I can’t help but feel that that’s all coming from a place of anger.  And if you picture the stereotype of either group, you’ll likely picture an angry person.  Sure, we live in a horribly repressive society that’s based on coercion and violence.  Men who would do us harm limit our choices.  I don’t think, however, that an angry, knee jerk and total rejection of anything associated with that can be healthy.

There is a long and beautiful history of people taking supposed low class food and turning it into something special.  Lobster used to be fed to prisoners.  A hard up fisherman might take one home to his family if he hadn’t caught anything else.  Likewise, french bouillabaisse used to be a poor fisherman’s stew, made from odds and ends left over from the catch.  Chicken wings used to be scrap parts and were sold cheap.  They were good for soup stock and still are, but buffalo chicken wings today are a beautiful thing.  And if you visit a website on Ramen Noodles, you’ll see some really creative things done by people in prison.  The downtrodden have done some cool things with food.

And that doesn’t have to be a submission to the system.  Making the most of a grim situation isn’t accepting it as right or just.  To me, it’s saying that your oppressor doesn’t have that power over you.  He can take your food and your property.  He can beat you.  He can kill you.  He’s bigger and stronger than you.  But it takes a special kind of person to say that the system won’t have control over your mind.  Your happiness is your choice and it can’t be taken from you.  It can only be surrendered.

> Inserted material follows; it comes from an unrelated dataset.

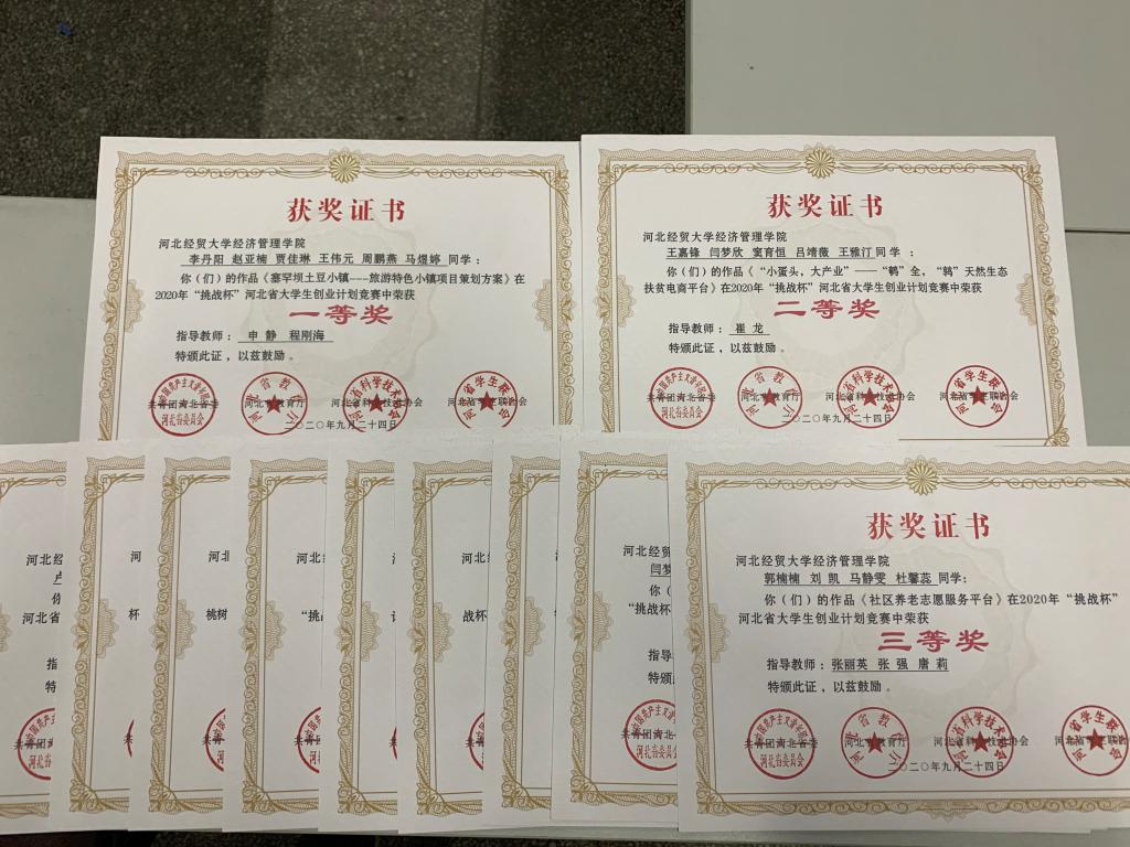 近日,2020年“挑战杯”河北省大学生创业计划竞赛落下帷幕。本届大赛自今年七月份启动以来,经过层层选拔、激烈角逐,Beat365官网报送作品在全省千余件作品中脱颖而出,共有12项获奖,其中《塞罕坝土豆小镇---旅游特色小镇项目策划方案》获得一等奖,《“小蛋头,大产业”——“鹌”全,“鹑”天然生态扶贫电商平台》获得二等奖,《社区养老志愿服务平台》等10个项目获得三等奖。创造Beat365官网“挑战杯”历史最好成绩。

In logic, there’s a fallacy known as the Genetic Fallacy or the Fallacy of Origins.  It’s an argument that something is wrong simply because of where it came from.  An example would be saying that marriage licenses are wrong because they were originally used to prohibit interracial marriage.  They’re wrong for other reasons, but that’s not a valid one.  Another example would be not buying a Volkswagen because Hitler sponsored the Beetle.  Just because something has a dubious past doesn’t mean it’s not valid in the here and now.  Saying that certain foods should not be eaten because of their history is not valid logic.

And it’s ironic that the argument is being made by Muslims.  Recognizing that Islam is an extremely diverse religion, adherents are often very vocal about graven images and their use.  Most are particular to the use of God or prophets, but there’s a bigger concept in play.  Many schools of thought, Islam included, caution against associating an idea with a representation.  The argument is that the representation won’t ever do the idea justice.  That’s not God.  That’s just a picture of him.  That’s not your country.  It’s just a flag.  Primitive individuals echo this concept, asking not to have their picture taken by tourists.  They’re not literally worried about having their soul taken.  It’s just that they’re so much more than the picture.  An idea will always be a whole lot bigger and much more profound than the symbol.  But Soul Food is slavery?

Good food is good food.  Are you really going to miss out over ideology and fallacies?  Please don’t let anger cloud your judgement.